This is a columnstore table. So when you create tables in MemSQL, you have two options. You have rowstore and columnstore. The default table type in MemSQL is rowstore. So if you don’t specify, then by default you’ll get a rowstore table, which means all your data will go in memory. But if you do specify a key using cluster columnstore, then basically you get a columnstore table, where your data is actually on disk. We use memory to optimize performance, and we store indexes of metadata in memory. Columnstore is definitely recommended for OLAP (online analytical processing) workloads and rowstore is recommended for OLTP (online transaction processing) workloads.

Then the second table here is campaigns, which is basically just a lookup table. This table is that we’re going to join when we need to look up specific campaigns. That’s why we’re creating it as a reference table.

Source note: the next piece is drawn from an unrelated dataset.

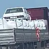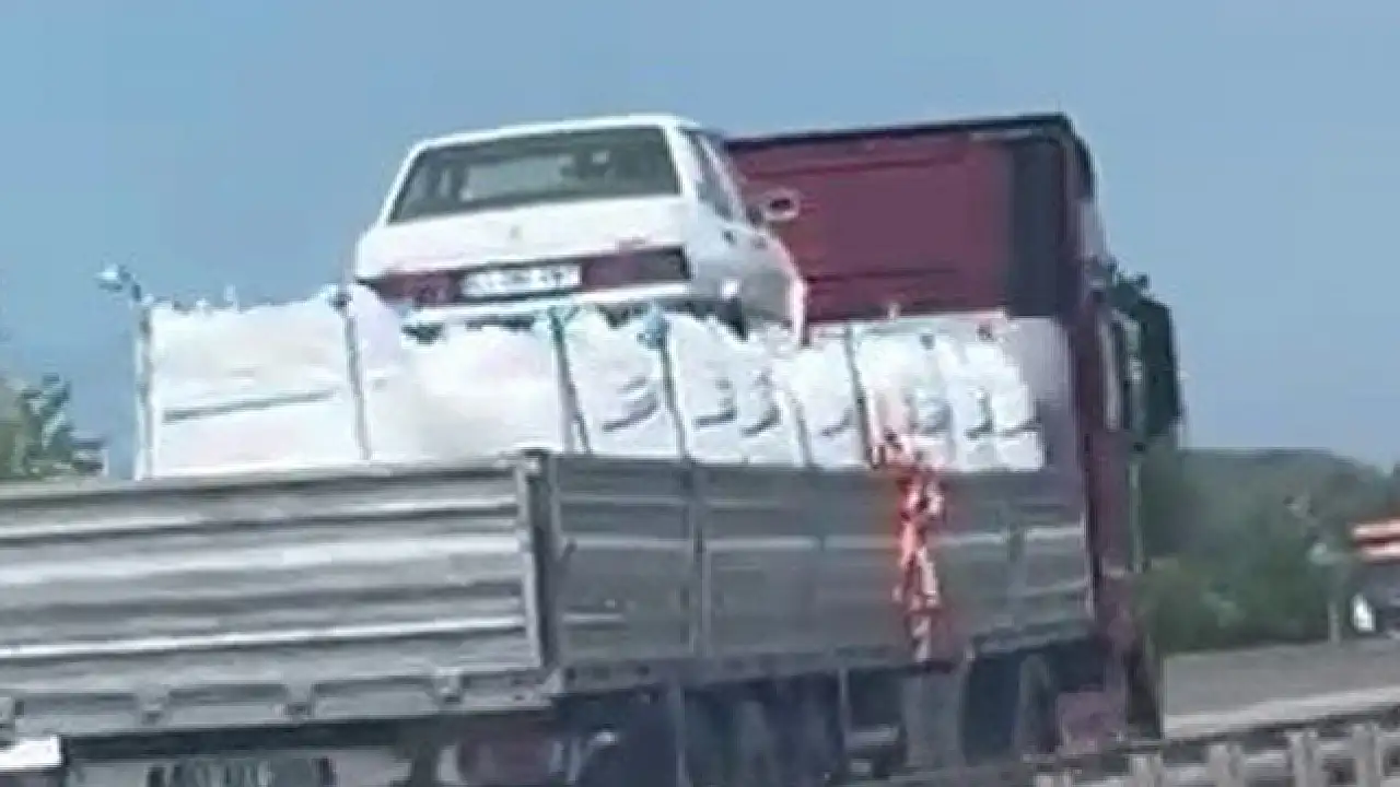 Sakarya D-650 kara yolunda seyir halinde çuval yüklü tırın üstünde otomobil taşındığını görenler hayrete düştü. Cep telefonu kameralarına yansıyan olayda, ilginç manzarayı gören dönüp bir daha baktı.

Reference tables actually store the entire copy of the table on every single leaf node, so it really helps in situations where you need to join this table often. You just need to be careful that this table is a good (small) size to be able to fit into every single node. Then we’re going to also populate the campaigns table with some static values. We have about 14 campaigns that we’re going to populate to begin with. 

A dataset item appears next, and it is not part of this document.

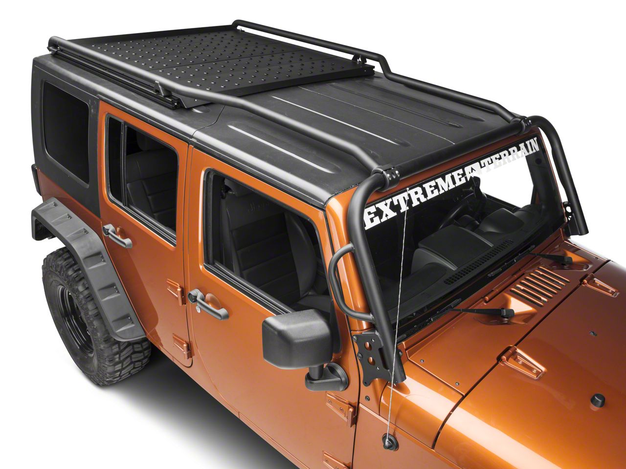 Tough and Expandable. The front hoop in this kit is made from strong, 2-inch diameter steel tubing. It offers unparalleled protection for your windshield assembly and provides a great attachment point for optional grab rails, standoff brackets and light mounts. The front-to-back rails are formed of 1-5/8-inch tubing with CNC-machined clamps and provide great attachment points for other accessories. The MOD-RAK itself is made of sturdy, modular aluminum panels. All parts are finished with a special blend of zinc-epoxy primer and black powdercoating. This system will provide years of trouble-free use and will look good while doing it.

Creating tables in MemSQL Studio

Let’s run everything. This should take about eight to nine seconds. 

Now that we have everything running, we have the ad tech database now, and then we have two tables inside this database. The next step is, we have this Kafka topic here, it’s a Kafka cluster that we’re hosting in-house. How do we get that data into the MemSQL Helios cluster? That’s where the pipelines feature comes in.

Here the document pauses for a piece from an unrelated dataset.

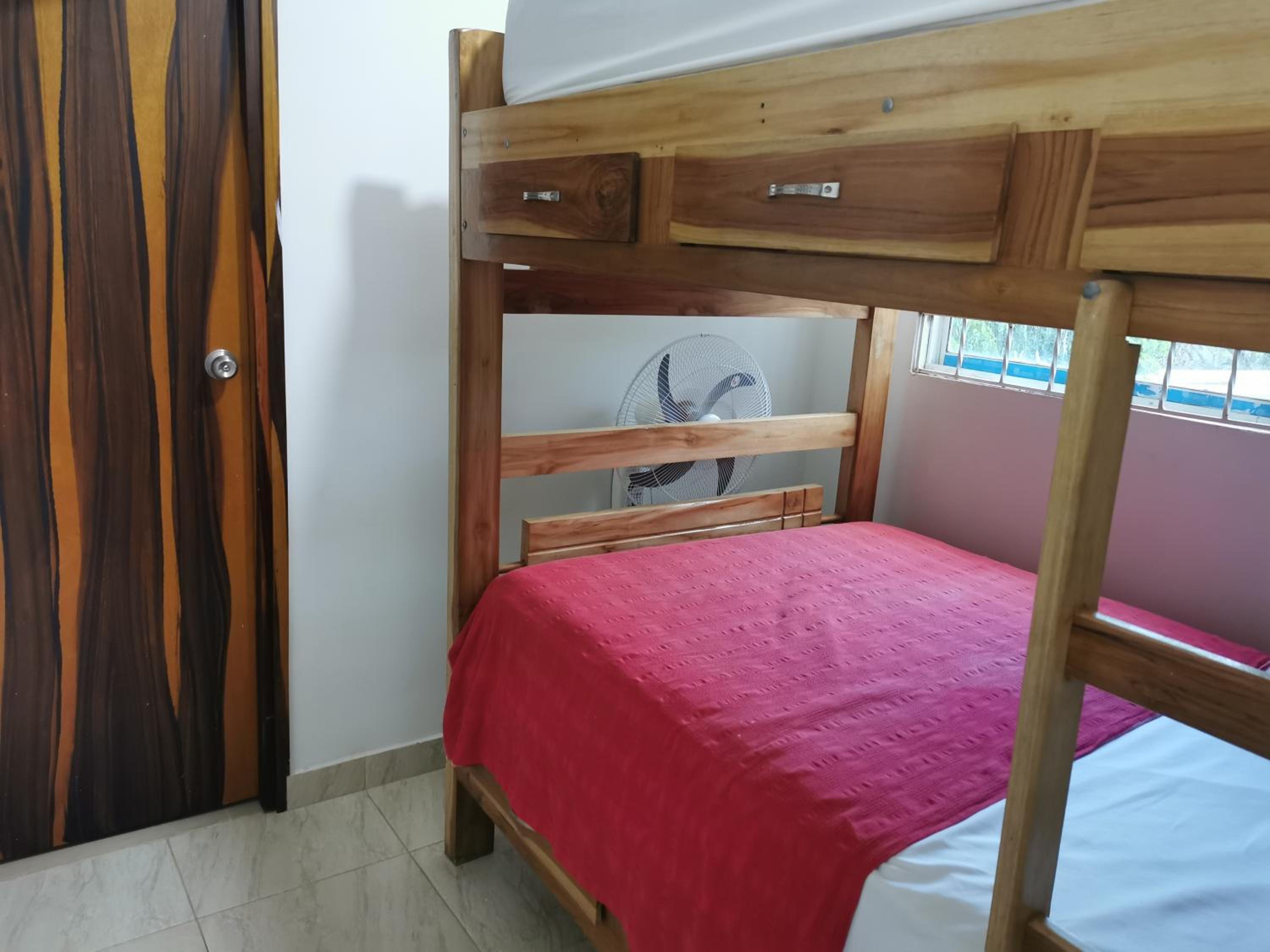 Esta cerca a la calle principal, cerca a la playa y a la zona de restaurantes ( muy buenos), tenia buen tamaño la habitación, aire y abanico

Borrowing a pipeline definition from MemSQL Docs

The pipelines feature is something that can connect to Kafka obviously, but it can also connect to other sources like AWS S3, Azure blobstore, HDFS. If you have data sitting in any of those places, then you can always use a pipeline to natively stream data directly to MemSQL. 

For now we’re going to use Kafka, as it’s one of our most-used technologies. You can also specify a batch interval, how often you want to batch data into MemSQL. So right now it’s at 2,500 milliseconds or 2.5 seconds. I’m just going to make this 100 milliseconds and see what kind of results we get. We’re going to obviously send all the data into the events table that we created earlier. Then here are just all the fields that we want to populate coming in from the topic.

This pipeline is created. But if we go back to the dashboard, we’ll see that there’s no data being actually written yet because we haven’t started it. I just need to go back to the SQL editor and then alter the pipeline offsets so that we only get data basically from the latest offset. Then I’m going to finally start the pipeline. 

Checking our cluster again in MemSQL Studio

Now if I go back to the dashboard, we should see rows being written at a steady pace into MemSQL. Just to reiterate, this demo is not to show you any performance aspects of MemSQL, it’s basically just a functional demo. MemSQL Helios can handle very high throughputs when it comes to ingestion and also query performance.

Now that we have data flowing in, let’s start running some queries. Here’s some prewritten SQL queries that we have written. Let’s explore what we have so far. Then like I mentioned, we’ll go over to a BI tool to see how this data looks in a dashboard format. 

For a simple question, how many events have we processed so far? That number right now is 51,000 and every time you run this, we expect it to go up a few thousands. So if I ran it again, it should go up. So right now it’s at 57,000 and if I ran it again, it’s at 60,000. 

Running a SQL query in MemSQL Studio

What campaigns are we running? This is the lookup table that we populated earlier. These are all the 14 campaigns that we are running right now. Then here’s the traditional funnel query for analysts to see broken everything down by campaign, how many impressions, clicks and downstreams they’re getting per campaign.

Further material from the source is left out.